Gabriel Sherman Throws Megyn Kelly Under the Bus

megyn400The Cable Gamer is trying to decipher what’s behind Gabriel Sherman’s latest grab-bag of imaginary sources and conspiracy theories. Some of it even contradicts Sherman’s own “reporting.” He goes on for paragraphs describing how Fox has fallen into line behind Donald Trump (painting Trump a victor is a common thread in most Shermanesque tales). There are “revelations” of secret phone calls and negotiations in order to seal the deal. But it was just last month that Sherman had a juicier explanation: Trump had secret dirt about Fox News that effectively blackmailed the news channel into backing him. Sherman ran that one up the flagpole in April but few outside his circle saluted. So now it’s forgotten. Inoperative.

Mr. Sherman also wants you to believe Fox anchors secretly speak to him:

A Fox anchor told me that the message from Roger Ailes’s executives is they need to go easy on Trump. “It’s, ‘Make sure we don’t go after Trump,’” the anchor said. “We’ve thrown in the towel.”

Really? Nobody is allowed to air negative Trump news? Plotting like this would be ludicrous in the most surreal sitcom. Presenting it as fact is preposterous, unbelievable and utterly disconnected to the way news organizations work—not to mention a smear of every anchor on Fox News. And is easily debunked by a plethora of examples.

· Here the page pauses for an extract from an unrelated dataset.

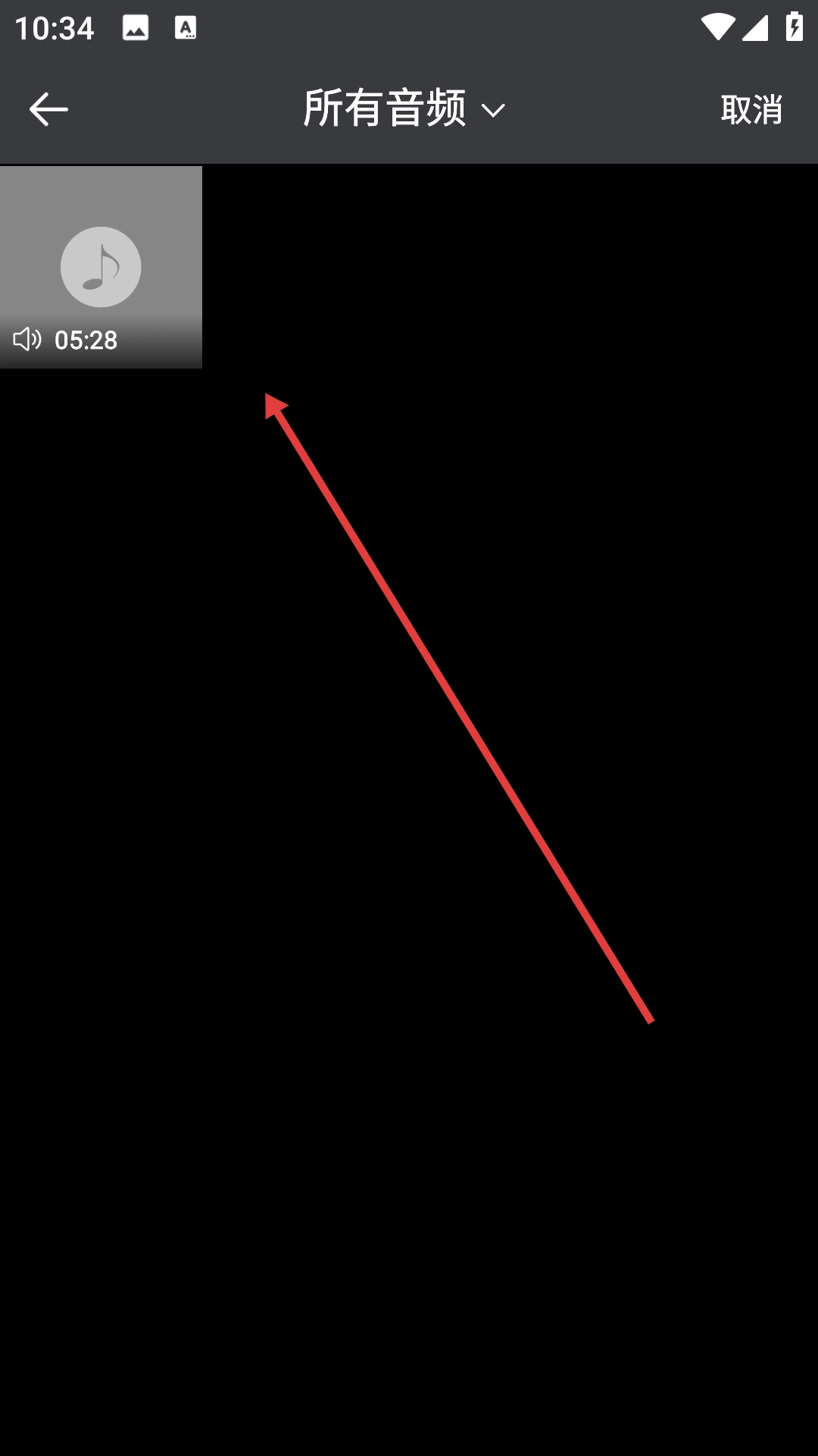 2、在所有音频选择界面选择目标音频,进入音频裁剪界面。

But Sherman’s biggest target is Megyn Kelly. You may recall how quickly he advanced the notion that Fox went too far defending her against Trump’s insults. And now, since she stands as a visible refutation of his latest conspiratorial twist, Mr. Sherman strips from her the achievement that placed her on the media map:

In fact, according to one high-level Fox source, it was Murdoch himself who directed Kelly to hammer Trump during the debut GOP debate, in Cleveland, that sparked the feud in the first place. “Rupert told her to do that,” the source said.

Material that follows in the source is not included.